I don’t like eggs. I never have, and I’ve always wished that I did.
I went through a short phase when I was little where I would douse them in ketchup, masking the taste. I eventually got over that and stopped eating them all together. I can eat them in things (like fried rice), but I just don’t love them, ya know?
I still try them frequently. Almost any time they are in front of me, I try them, hoping my taste buds have somehow changed since the last time I attempted.
Now we’re in Cambodia, and an egg literally comes with almost every single meal. No exaggeration. And I try them, every time. Fortunately it’s not the only component of the meal, so it’s not like I’m starving over here.
The other day, we found a food cart to eat at in town. The food is super good and so cheap here! Like, $1.50 cheap. Per usual, it came with a fried egg on top. By this point the whole team is well aware that I don’t like eggs (and not mad about it because it means they get more food).
Even with that knowledge, we somehow got on the topic of not liking eggs.
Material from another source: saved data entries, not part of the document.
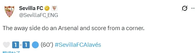 塞维利亚官推在更新比赛比分时揶揄了一把阿森纳,他们写道:“客队(阿拉维斯)像阿森纳那样,打进了一粒角球。”
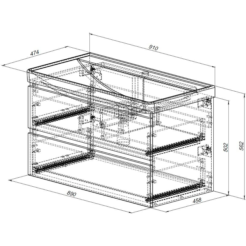 - Габариты корпуса тумбы (ШxВxГ): 890х502х458.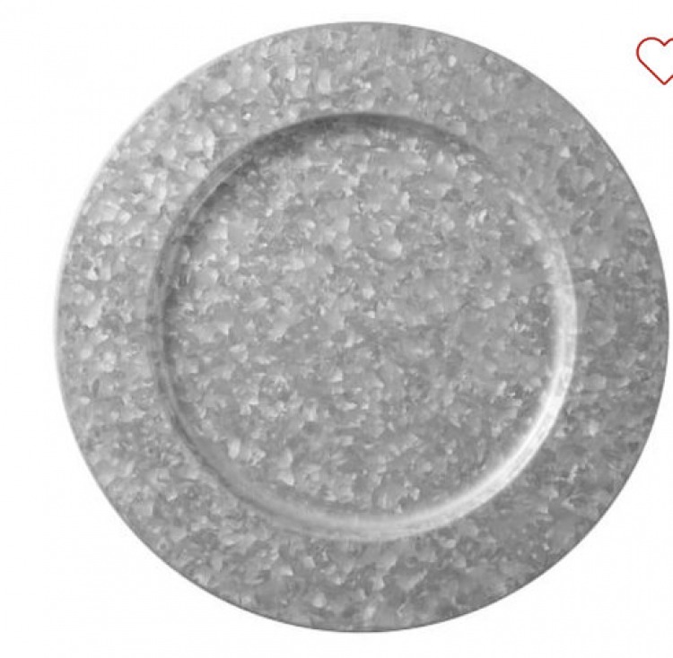 Rustic beauty with Galvanized Metal Plate Charger! This lovely charger features a galvanized metal construction and a flat rim. Dementions are 13" Round Charger Plate.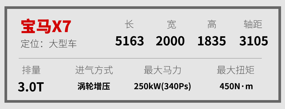 B58系列的发动机依旧是X7的主动力规格,340Ps最大马力、450N·m峰值扭矩与740Li上统一,同时能够让X7实现6.1s的百公里加速。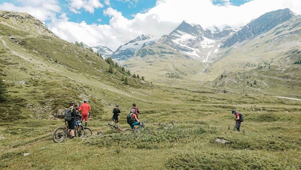 Wo Profifahrer im Höhentraining sind, fahren wir unsere erste kernige Bergetappe in die Bikepark-Region Livigno. Neben uns befinden sich zahlreiche Bikeparklines und wir folgen einem traumhaften Naturail an der Bergflanke in Richtung Passo Forcola.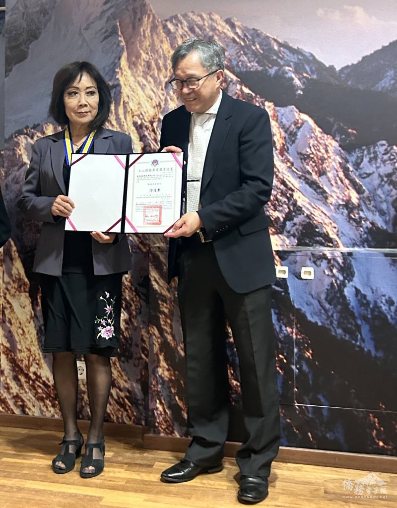 謝志偉頒發玉山僑務專業獎章予鄭瑩

Janele asked me if it was a texture or taste thing, to which I replied that it was the taste. I followed up by reminding them all how much I wish I liked them.
Janele made a comment, stating that we should pray for my taste buds. I laughed and told her she should. She replied, telling me not to say that unless I was serious, because she was going to pray if I was. Again, I told her she should because I’d love to like eggs.
So, she prayed.
After she finished, we all lifted our heads and went on with our lunch. A couple minutes later, Kristie held out the leftover egg from my plate and asked it I wanted to try it now. I grabbed it from her, curious.
I had a moment before trying it where I hesitated, knowing the whole team was staring at me. I laughed, commenting on the pressure I felt of liking the egg, and wanting to be honest about how it actually tasted.
So, I tried the fried egg. I chewed slowly, well aware that everyone’s eyes were on me. The taste wasn’t horrible. They encouraged me to try it with the rice, and when I did, it wasn’t bad. I was hesitant, almost questioning if I had made it up in my mind.
I mentioned that I don’t normally try eggs with things (like the meal). I usually try them alone, and maybe that was the difference. Really, just second guessing that this could be real.
Janele responded with a great point. She said that maybe all I needed was a new perspective (aka, trying the eggs with other food). Maybe that’s what the Lord gave me in that moment, and that’s all I needed.
I still try eggs at every meal they’re presented, and since that prayer, I still don’t love them. So anticlimactic, isn’t it? Even still, I think the Lord used that moment to teach me something, regardless of whether I like eggs now or not.
How often do we just need a shift in perspective, rather than a shift in circumstances? More often than not, probably.
And how often do we step out and pray for something like that? Hardly ever, it seems. I’m so thankful that Janele boldly prayed for my taste buds to change. And I’m still hopeful that they can.
UPDATE: I have tried scrambled eggs and a few fried eggs the last couple days and I’ve actually LIKED them! God is pretty cool, don’tcha think?